Лоренцо едва заметно помотал головой:
– Я виноват.
– В чем?
– Я должен был запереть его, приковать цепью.
– Джулиано взрослый человек. Он сам понимал степень опасности. Ни я, ни кто-то другой не винит тебя.
– Я сам виню себя. Это за мной охотились, я виноват в противостоянии, в том, что не сумел лавировать, как мои дед и отец, что моя семья в опасности, что в опасности вся Флоренция. Нужно было либо принять открытый бой и не пустить их в город, нанеся упреждающий удар, либо хитрить и договариваться, избегая столкновения. Я принял ответственность за семью и Флоренцию и не справился. Погиб Джулиано, Флоренция залита кровью, а теперь на грани гибели. Но перед братом я виноват в другом.
Он довольно долго молчал, словно собираясь с мыслями, хотя думал об этом много раз. Мать не торопила.

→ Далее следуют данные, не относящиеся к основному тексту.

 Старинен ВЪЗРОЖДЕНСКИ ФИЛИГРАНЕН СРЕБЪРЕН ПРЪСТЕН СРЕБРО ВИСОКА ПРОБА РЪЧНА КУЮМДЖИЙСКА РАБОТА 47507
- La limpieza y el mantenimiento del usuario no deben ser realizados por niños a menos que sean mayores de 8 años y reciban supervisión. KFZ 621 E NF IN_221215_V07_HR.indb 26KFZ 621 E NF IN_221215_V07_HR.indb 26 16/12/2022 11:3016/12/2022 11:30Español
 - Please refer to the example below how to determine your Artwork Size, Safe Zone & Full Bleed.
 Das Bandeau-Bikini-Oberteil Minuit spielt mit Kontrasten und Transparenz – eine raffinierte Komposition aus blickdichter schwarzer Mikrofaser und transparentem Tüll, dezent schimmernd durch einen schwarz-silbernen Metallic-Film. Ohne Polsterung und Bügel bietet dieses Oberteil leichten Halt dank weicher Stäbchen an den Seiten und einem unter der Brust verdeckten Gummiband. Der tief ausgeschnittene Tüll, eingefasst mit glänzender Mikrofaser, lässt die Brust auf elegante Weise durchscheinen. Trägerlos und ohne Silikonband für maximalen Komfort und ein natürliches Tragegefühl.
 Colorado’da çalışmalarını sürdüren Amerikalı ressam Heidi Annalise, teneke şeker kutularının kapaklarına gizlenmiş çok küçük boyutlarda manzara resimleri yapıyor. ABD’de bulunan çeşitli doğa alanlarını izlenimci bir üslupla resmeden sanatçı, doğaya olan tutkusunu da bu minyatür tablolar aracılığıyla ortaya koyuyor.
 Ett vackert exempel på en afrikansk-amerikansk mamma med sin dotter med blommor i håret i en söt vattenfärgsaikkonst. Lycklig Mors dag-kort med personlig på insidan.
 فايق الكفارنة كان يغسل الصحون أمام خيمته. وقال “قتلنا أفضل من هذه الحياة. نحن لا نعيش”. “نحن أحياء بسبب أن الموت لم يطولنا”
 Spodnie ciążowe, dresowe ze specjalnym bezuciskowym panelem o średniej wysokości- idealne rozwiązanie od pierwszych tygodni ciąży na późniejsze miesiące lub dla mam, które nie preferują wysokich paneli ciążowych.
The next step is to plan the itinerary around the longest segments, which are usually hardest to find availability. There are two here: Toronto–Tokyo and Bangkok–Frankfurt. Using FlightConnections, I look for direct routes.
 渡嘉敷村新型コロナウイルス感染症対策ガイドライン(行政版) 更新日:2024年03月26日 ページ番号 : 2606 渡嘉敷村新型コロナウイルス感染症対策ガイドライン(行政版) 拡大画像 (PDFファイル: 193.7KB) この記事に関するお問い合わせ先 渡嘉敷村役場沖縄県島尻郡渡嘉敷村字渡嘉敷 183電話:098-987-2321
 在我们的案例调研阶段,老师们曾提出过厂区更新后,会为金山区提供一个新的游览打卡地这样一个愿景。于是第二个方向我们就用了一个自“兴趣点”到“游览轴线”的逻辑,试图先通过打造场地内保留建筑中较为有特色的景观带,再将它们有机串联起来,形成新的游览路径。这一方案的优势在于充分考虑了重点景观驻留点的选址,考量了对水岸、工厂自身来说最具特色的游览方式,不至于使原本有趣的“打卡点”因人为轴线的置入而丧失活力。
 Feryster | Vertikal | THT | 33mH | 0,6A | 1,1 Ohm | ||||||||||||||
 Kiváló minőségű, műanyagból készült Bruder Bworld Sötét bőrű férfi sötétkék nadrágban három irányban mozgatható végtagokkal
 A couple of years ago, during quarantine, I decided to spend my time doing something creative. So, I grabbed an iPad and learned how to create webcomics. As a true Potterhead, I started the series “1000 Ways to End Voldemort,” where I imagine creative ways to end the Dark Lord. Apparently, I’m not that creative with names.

– Мама, Джулиано погубила наша с Пацци вражда. Он боялся сказать мне и тебе об Оретте потому, что она Пацци. Как бы ты поступила, если бы сказал?
Теперь задумалась Лукреция. Ответила честно:
– Приняла бы не сразу. Возможно, даже не приняла, не будь ребенка.
– Вот и я тоже. Не будь маленького Джулиано, просто запретил бы брату встречаться с Ореттой, а то и вовсе выдал ее Пацци.
– Почему Якопо не заботился о дочери? Ведь у него же жила другая незаконная?
– Думаю, просто не знал о ее существовании. Согрешил в деревне и забыл, а мать Оретты постаралась спрятать девочку от отца. Сангалло сказал, что когда Франческо узнал о существовании сестры, то страшно испугался.
– Почему?
– Не хотел делить будущее наследство дяди с его незаконной дочерью. У Якопо Пацци и без того много наследников. Франческо решил выдать девушку замуж за старого садовника-горбуна и навещать ее сам. А Оретта сбежала к тетке. Ее укрывали в монастыре у Горини. Тетка была за Антонио Горини замужем.
– Потому ты назвал это имя?
– Да. Оретту случайно увидел Сандро и обезумел. А потом увидел и Джулиано. Брат весь год ходил сам не свой, а у меня не нашлось времени с ним поговорить.
– У меня тоже. Я думала, что он просто до сих пор переживает из-за смерти Симонетты.
– Да, мама. А он боялся сказать нам, что влюблен в Пацци и что Оретта ждет от него ребенка. Наша с Пацци вражда не только погубила жизнь Джулиано и еще сотни жизней, не только разрушила семью Бьянки, но ввергла Флоренцию в страшное противостояние.